Consider the following family of cirles $$ x^2+y^2-2x+4y-2+k(x^2+y^2-6y+8)=0 $$ We are asked about the value of $k$ so that the circle will have the center on the straight line given by the equation $$ y=-8x. $$ The result given by the book is $k=-2$.
Here the steps I've followed and an and an in-depth study I wanted to do that led me to a situation where I may not have understood the theory properly.
Solution 1). From the equation of the family of circles I'have found the espression of the coordinate of the center as function of $k$ with $(k \neq -1)$ $$ C:\left(\frac{1}{1+k},\frac{3k-2}{1+k}\right) $$ To find the value of $k$ as requested by the exercise the follwing equation shall hold $$ \frac{3k-2}{1+k} = -8\frac{1}{1+k} $$ Solving the equation gives the expected result i.e. $k=-2$. So far so good.

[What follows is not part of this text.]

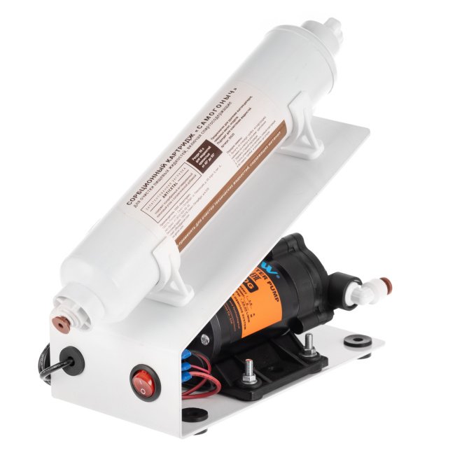 Фильтр Самогоныч состоит из картриджа, помпы, кнопки включения, блока питания, расположенных на металлической скобе.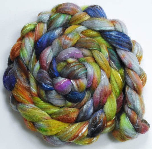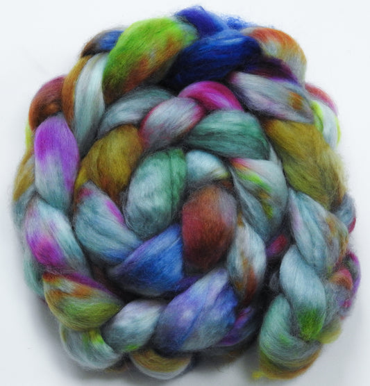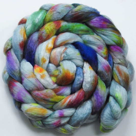 Head in the Clouds (5.7 oz) - Batt in a Braid #31 - Polwarth/ Mulberry Silk / Baby Alpaca / Rainbow Firestar/ Tencel( 40/25/15/10/10)

Now the less understood part.
Solution 2). Using the equation of the family of circles and by putting $k=-1$ we can obtain a degenerate circle the belong to the family and that can be used to write the equation of the family of circles too. The equation of the degenerate circle is $$ C_1: -x+5y-5=0 $$ which is a straight line i.e. a circle with infinite radius. As far as I know, nothing should prevent me to write the equation above as $$ C_2: x-5y+5= 0.$$ Now if I write the family of cicles using one of the original circle (specifically $x^2+y^2-6y+8$) and the degenerate one, and apply the steps followed in solution 1, except for the $(k \neq -1)$ condition, I will obtain $$ \begin{split} x^2+y^2-6y+8 + k(-x+5y-5) &= 0 \implies k= -2\\ x^2+y^2-6y+8 + k(x-5y+5) &= 0 \implies k=+2 !!! \end{split} $$ I cannot understand how this is possible. Is it due to the $k \neq-1$ condition no longer being applied? Where is the error?
Thanks
In your final displayed equation $$ x^2 + y^2 - 6y + 8 + k(x - 5y + 5) = 0 $$ it is a "mistake" to reuse the parameter $k$. Let's instead use the parameter $\ell$. So the family becomes $$ D_\ell : x^2 + y^2 - 6y + 8 + \ell(x - 5y + 5) = 0 $$ We also have (in your second to last displayed equation) the family $$ E_k : x^2 + y^2 - 6y + 8 + k(-x+5y-5) = 0 $$ "Clearly" these are the "same" families of circles but with $E_k = D_{-\ell}$. This explains the sign change.